WORK ITEM: All entries must come back exactly as given, with no pictures in the copy.

(Saved data entries)
• • •

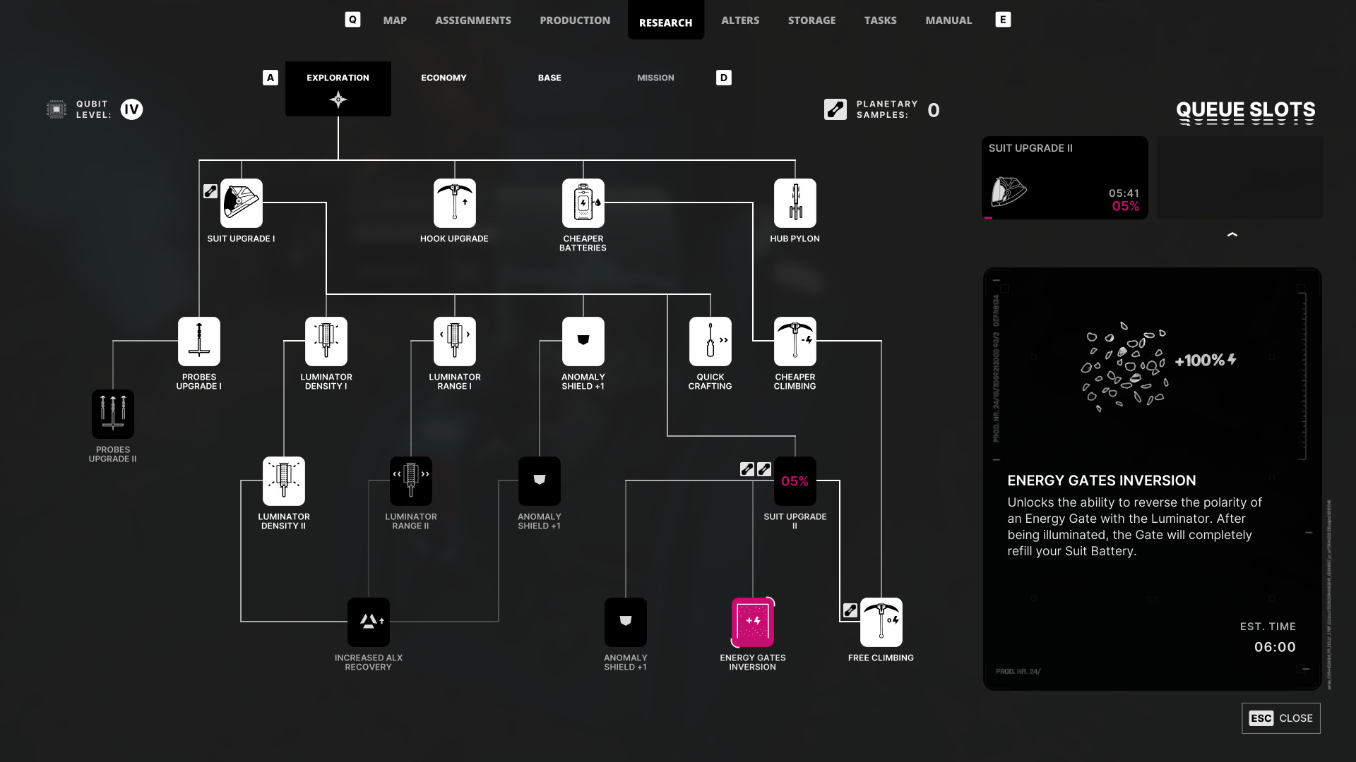 You can always bypass energy barrier by finding alternate path. Energy barriers cannot be permanently destroyed, unlike other anomalies, but their effect can be reversed with the research. At Qubit level 4, you can research the "Energy Gates Inversion" technology. This allows you to use the Luminator to locate and destroy two cores within an Energy Gate. Once destroyed, passing through the gate recharges your suit's battery instead of draining it.
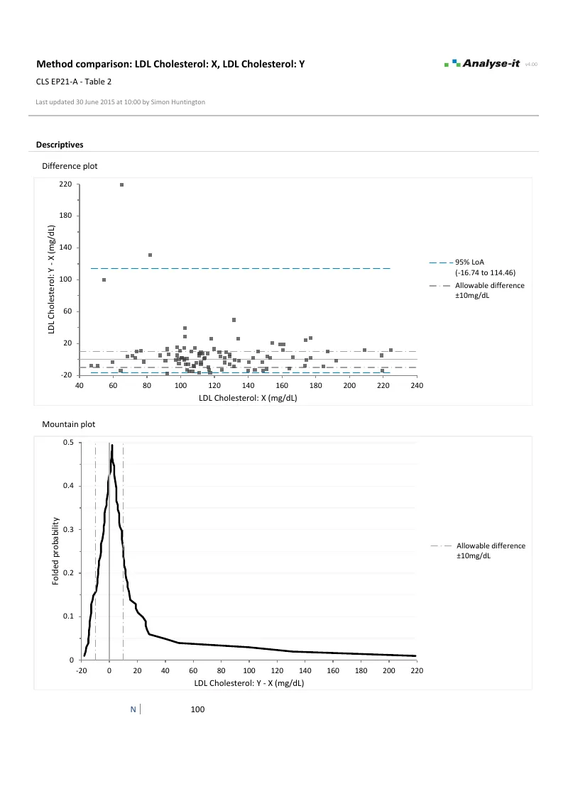 Mean bias and median bias with confidence intervals. 95% limits of agreement show the range within which differences between the two methods are expected to fall. Overlay an allowable difference specification — such as ±4 mmol/L for glucose or ±10 mg/dL for LDL cholesterol — to see immediately whether agreement meets clinical requirements. Difference plot with histogram of differences.
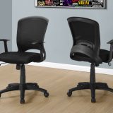 This mid-back office chair has curves in all the right places to provide comfortable support. The wide backrest has an ergonomic shape that follows the contour of the spine to promote good posture. The fixed armrests in black are grooved with a concave shape to better support the lower arms. Black mesh fabric covers the backrest and padded seat, which is wide and extra deep to offer a roomy feel. A lever underneath the seat allows you to adjust the chair height and tilt function to your preference. The seat swivels 360 degrees and the black 5-star base with casters lets you easily move around your workspace. With its streamlined style, this desk chair is ideal for a smaller home office.
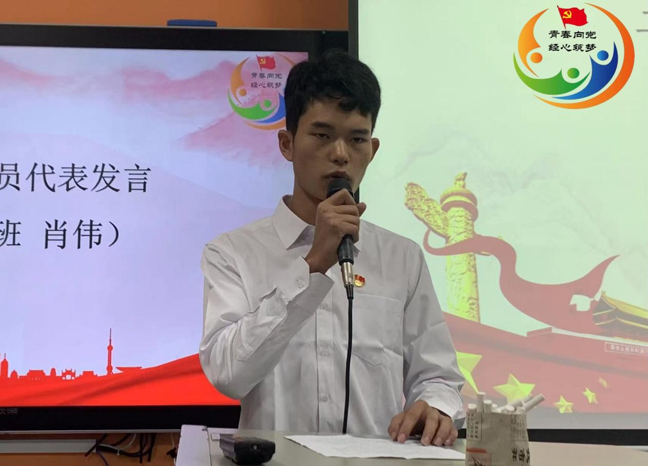 仪式第三项,由21级茶艺2班的肖伟同志作为中共预备党员进行发言。他谈道:“我在入党积极分子先锋营里结识了一群非常优秀的朋友们,我们一起积极参与党课的理论学习、志愿服务活动等等,在这些学习和做志愿服务的过程中,我渐渐明白了‘一名党员就是一面旗帜’这不仅仅是一句口号,这更加是一种责任担当。”
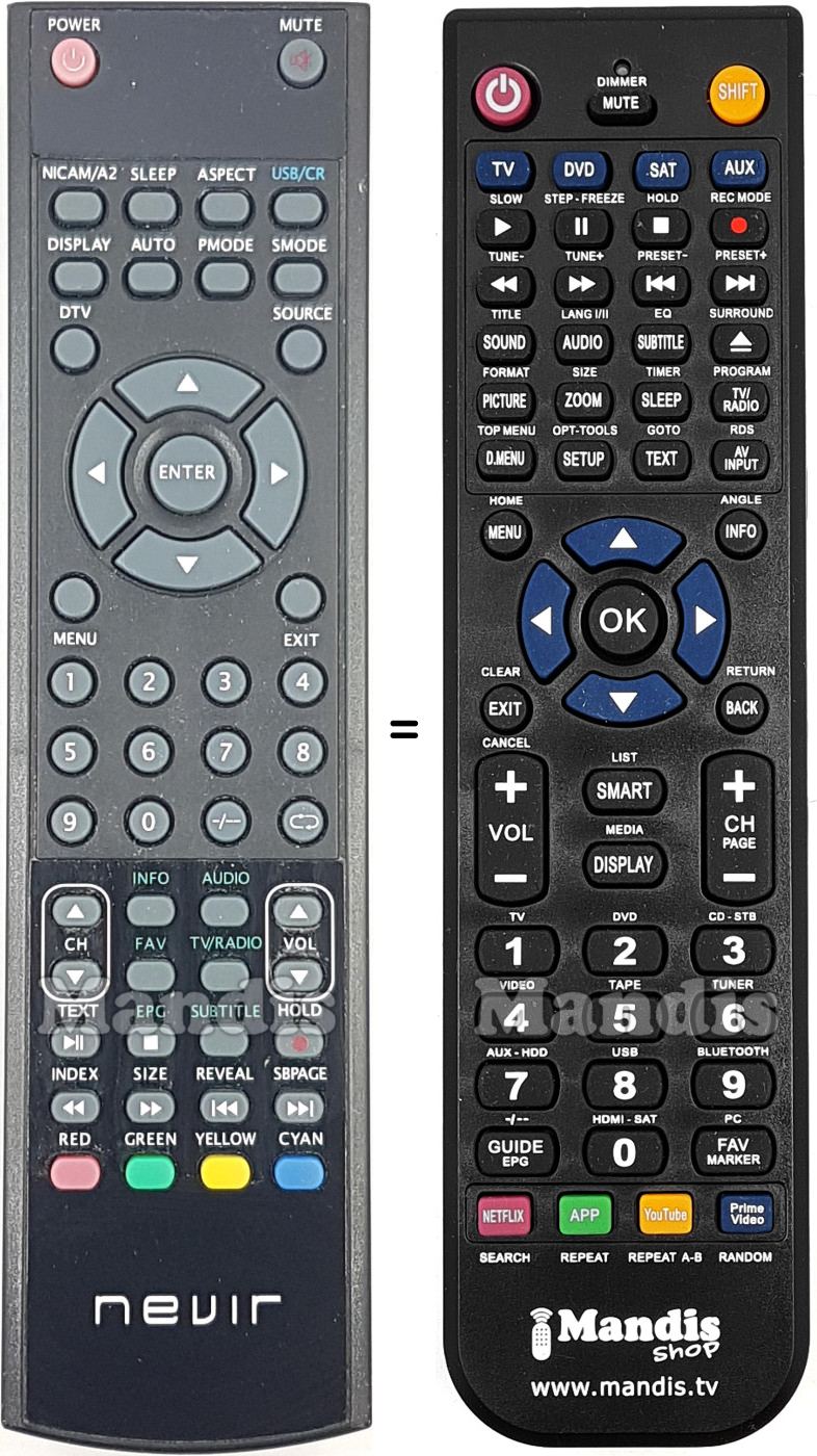 Aquest comandament a distància substitueix completament el teu NVR7023TTG16 en totes les seves funcions. No és un comandament universal, sinó una còpia exacta del teu original.
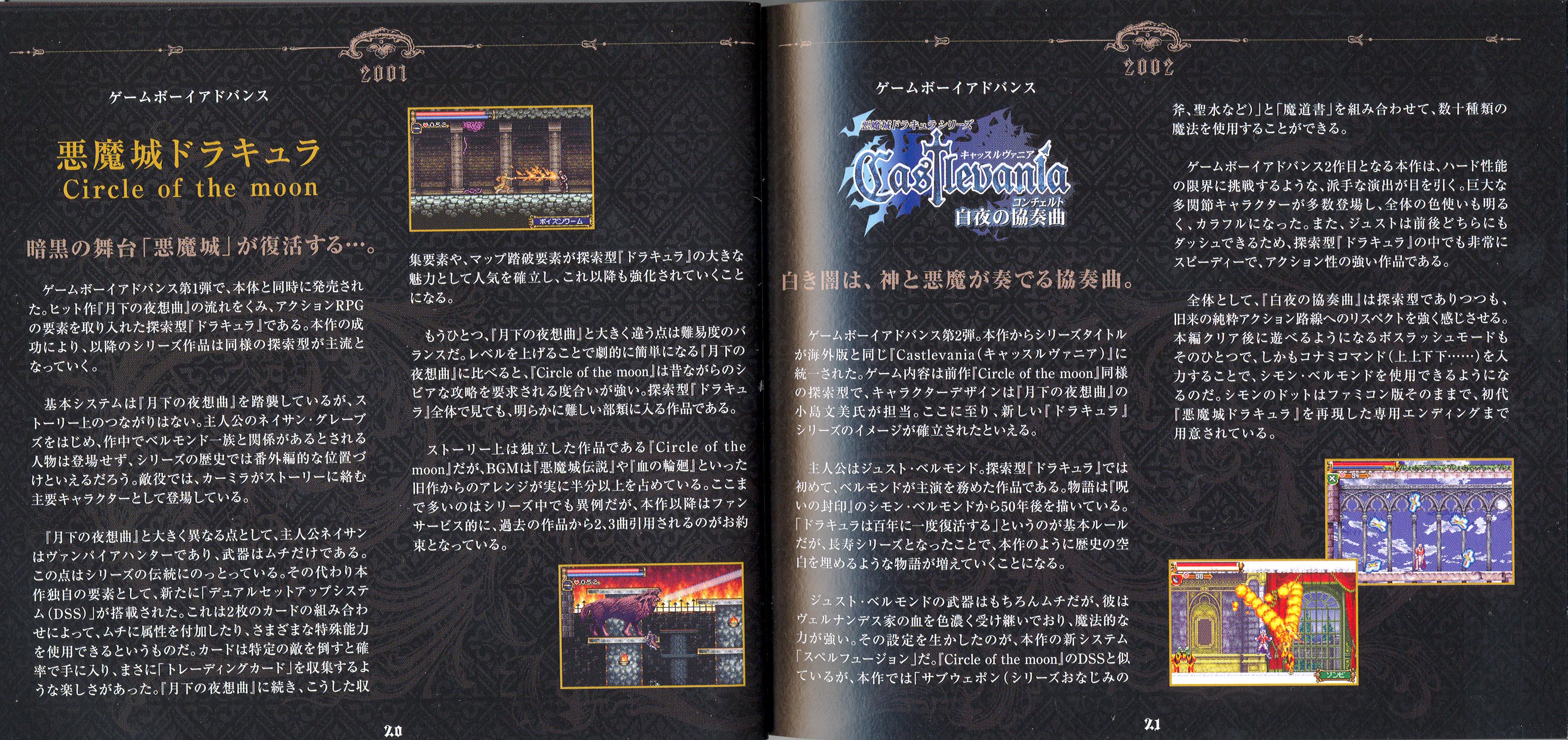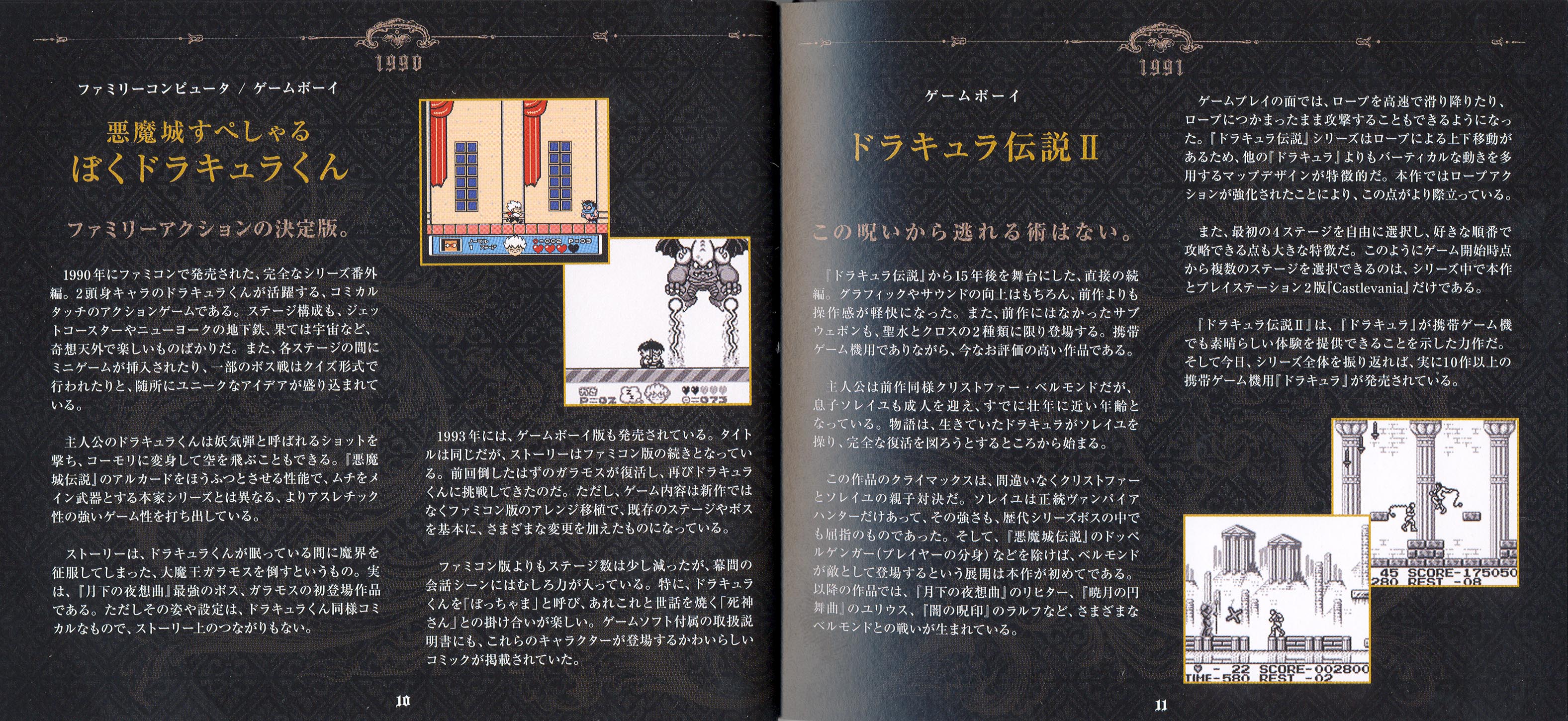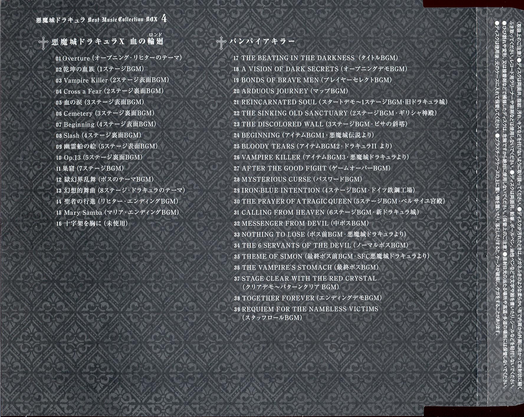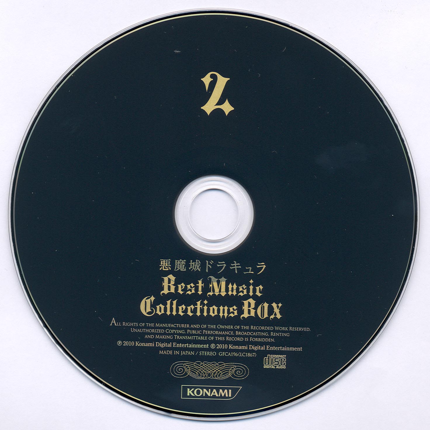 Castlevania Best Music Collections Box, released in 2010, is what fans have been waiting for: A multi-disc soundtrack compilation covering the excellent musical scores that have accompanied each and every title in the long-enduring Castlevania series, from the much-celebrated inaugral entry Castlevania (1986) to Castlevania: The Arcade (2009), which never saw western release; present, too, are soundtracks to related/offshoot titles like Vampire Killer, Kid Dracula and Castlevania: The Medal. Measuring in at 18 CDs, Collections Box features remastered tunes as taken directly from the games of origin plus a selection of remixed/original tunes created by Michiru Yamane, who in addition is interviewed in a special bonus DVD. Collections Box is, for now, available only in Japan.

• • •

RESULT FOR THIS EXERCISE:
 You can always bypass energy barrier by finding alternate path. Energy barriers cannot be permanently destroyed, unlike other anomalies, but their effect can be reversed with the research. At Qubit level 4, you can research the "Energy Gates Inversion" technology. This allows you to use the Luminator to locate and destroy two cores within an Energy Gate. Once destroyed, passing through the gate recharges your suit's battery instead of draining it.
 Mean bias and median bias with confidence intervals. 95% limits of agreement show the range within which differences between the two methods are expected to fall. Overlay an allowable difference specification — such as ±4 mmol/L for glucose or ±10 mg/dL for LDL cholesterol — to see immediately whether agreement meets clinical requirements. Difference plot with histogram of differences.
 This mid-back office chair has curves in all the right places to provide comfortable support. The wide backrest has an ergonomic shape that follows the contour of the spine to promote good posture. The fixed armrests in black are grooved with a concave shape to better support the lower arms. Black mesh fabric covers the backrest and padded seat, which is wide and extra deep to offer a roomy feel. A lever underneath the seat allows you to adjust the chair height and tilt function to your preference. The seat swivels 360 degrees and the black 5-star base with casters lets you easily move around your workspace. With its streamlined style, this desk chair is ideal for a smaller home office.
 仪式第三项,由21级茶艺2班的肖伟同志作为中共预备党员进行发言。他谈道:“我在入党积极分子先锋营里结识了一群非常优秀的朋友们,我们一起积极参与党课的理论学习、志愿服务活动等等,在这些学习和做志愿服务的过程中,我渐渐明白了‘一名党员就是一面旗帜’这不仅仅是一句口号,这更加是一种责任担当。”
 Aquest comandament a distància substitueix completament el teu NVR7023TTG16 en totes les seves funcions. No és un comandament universal, sinó una còpia exacta del teu original.
 Castlevania Best Music Collections Box, released in 2010, is what fans have been waiting for: A multi-disc soundtrack compilation covering the excellent musical scores that have accompanied each and every title in the long-enduring Castlevania series, from the much-celebrated inaugral entry Castlevania (1986) to Castlevania: The Arcade (2009), which never saw western release; present, too, are soundtracks to related/offshoot titles like Vampire Killer, Kid Dracula and Castlevania: The Medal. Measuring in at 18 CDs, Collections Box features remastered tunes as taken directly from the games of origin plus a selection of remixed/original tunes created by Michiru Yamane, who in addition is interviewed in a special bonus DVD. Collections Box is, for now, available only in Japan.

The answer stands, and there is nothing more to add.